Transactional email is defined by its trigger: one user action produces one message to one recipient about that action. A password reset request generates a reset link; a completed order generates a confirmation. The message exists because the user did something, and it goes only to that user.
That trigger-based definition is what separates transactional from marketing email – not the content, not the formatting, not whether it contains links. Marketing email (newsletters, promotions, announcements) goes to a list, governed by consent rules and unsubscribe requirements. Transactional email goes to one person who initiated the exchange, and most jurisdictions give it a legal carve-out as a result.

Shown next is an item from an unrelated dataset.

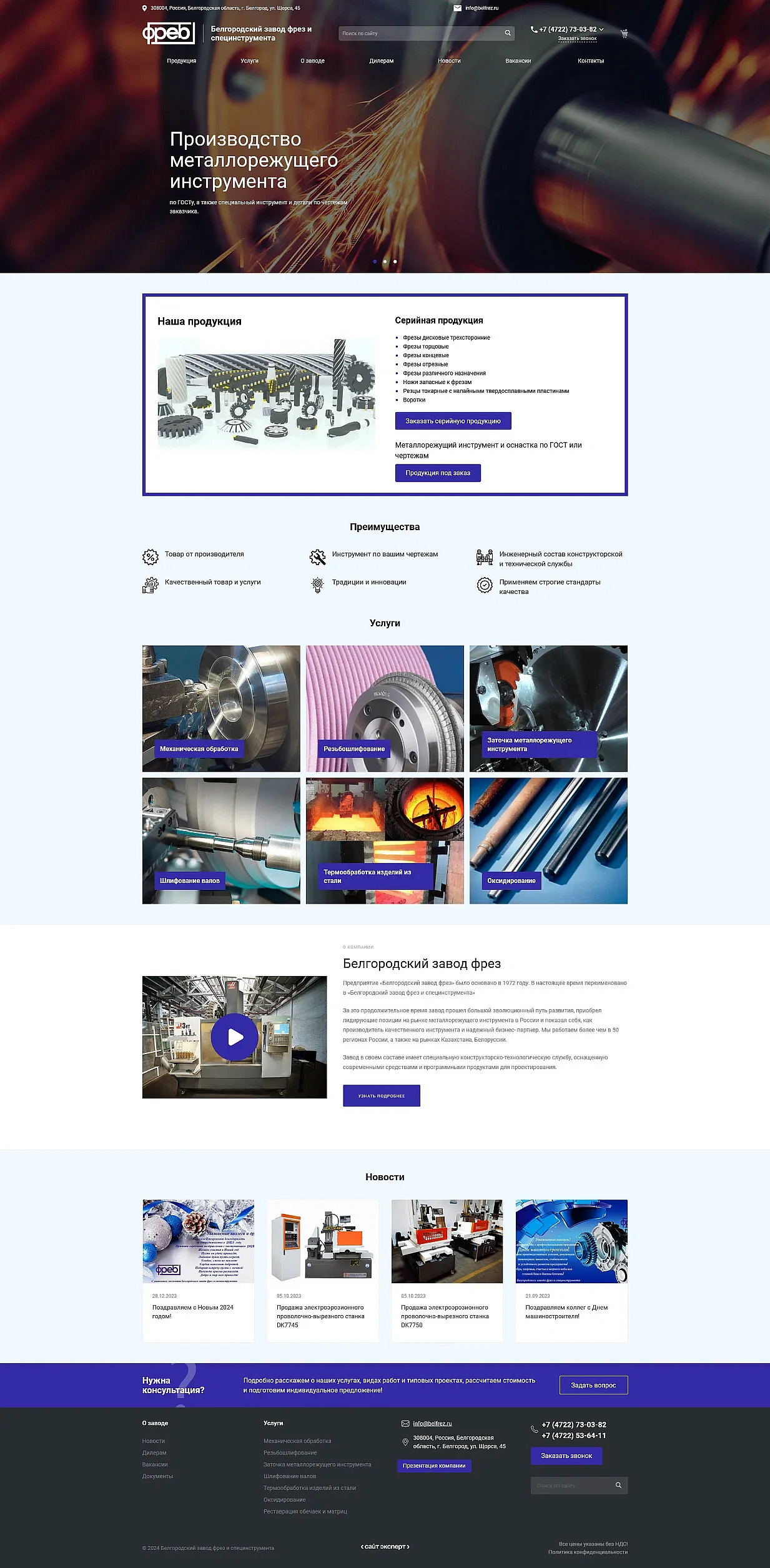 Разработка сайта для Белгородского завода фрез и специнструмента

WordPress sends transactional email for a fixed set of core events. WooCommerce adds a larger set for the order and customer lifecycle. Every plugin in the ecosystem can add more. The default sending path – wp_mail() routing through PHP’s mail() function to the server’s local mail transfer agent – fails silently on most modern managed hosting. It is a structural failure of the default stack, not a configuration problem.
What WordPress core sends
WordPress 7.0 generates transactional email from four source locations in core. The sending function in every case is wp_mail(), defined in wp-includes/pluggable.php.
New user registration. Triggered by wp_new_user_notification() in wp-includes/pluggable.php. Generates two messages: one to the new user with their login link (or password if the option is set), and one to the site administrator notifying them of the registration. Both are sent in one function call with separate recipients.

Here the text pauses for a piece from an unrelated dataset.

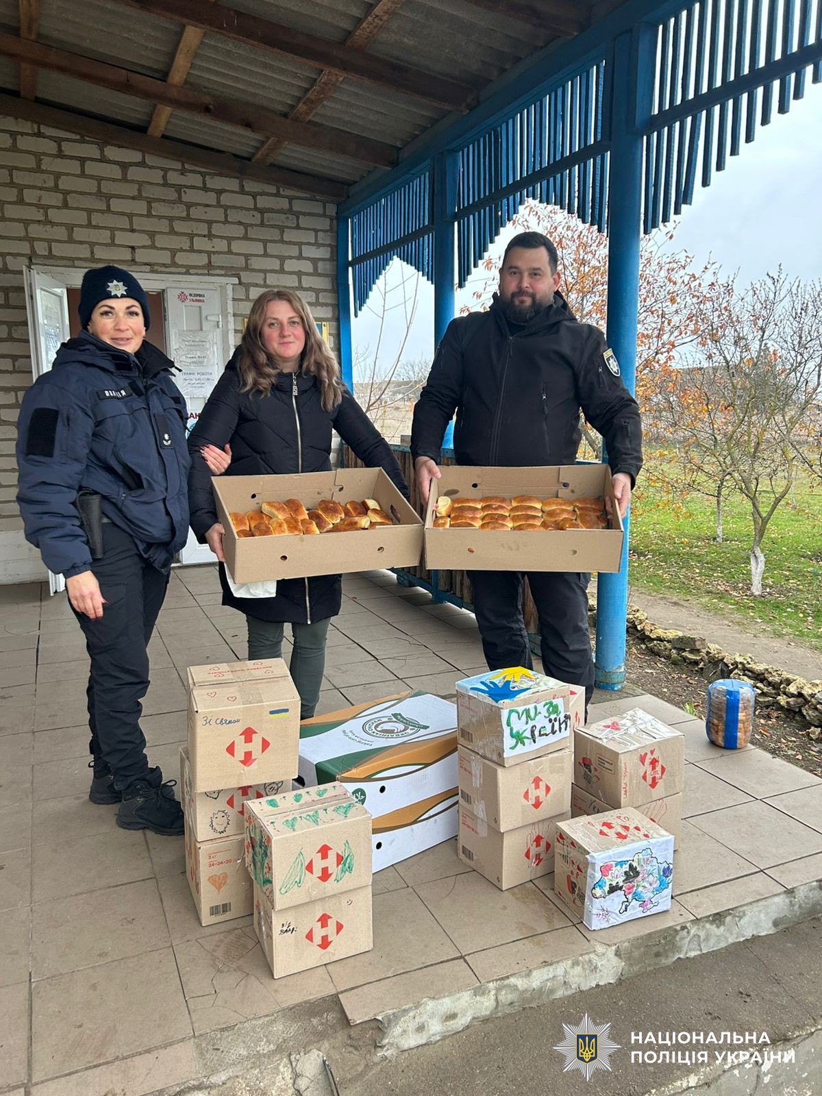 До Дня Збройних Сил України та Дня Святого Миколая працівники відділу організації діяльності ізоляторів тимчасового тримання та моніторингу дій із затриманими обласного главку поліції провели акцію «Долоньки тепла для ЗСУ» разом з жителями Дар’ївської громади. Аби підняти кожному захиснику бойовий настрій та дух напередодні свята, поліцейські спільно з місцевими родинами збирали «коробочки тепла» з подарунками для поранених бійців, які наразі проходять лікування в госпіталі.

Password reset. Triggered by retrieve_password() in wp-includes/user.php. Sends one message to the email address associated with the account, containing the reset link. The link is time-limited and single-use.
New comment. Triggered by wp_notify_postauthor() and wp_notify_moderator() in wp-includes/pluggable.php. Generates one message to the post author (when the setting is on) and one to the administrator if the comment requires moderation.
Automatic update notifications. Triggered by WP_Automatic_Updater::send_plugin_theme_email() in wp-admin/includes/class-wp-automatic-updater.php. Sends one message to the administrator reporting what was updated, what failed, and whether action is required.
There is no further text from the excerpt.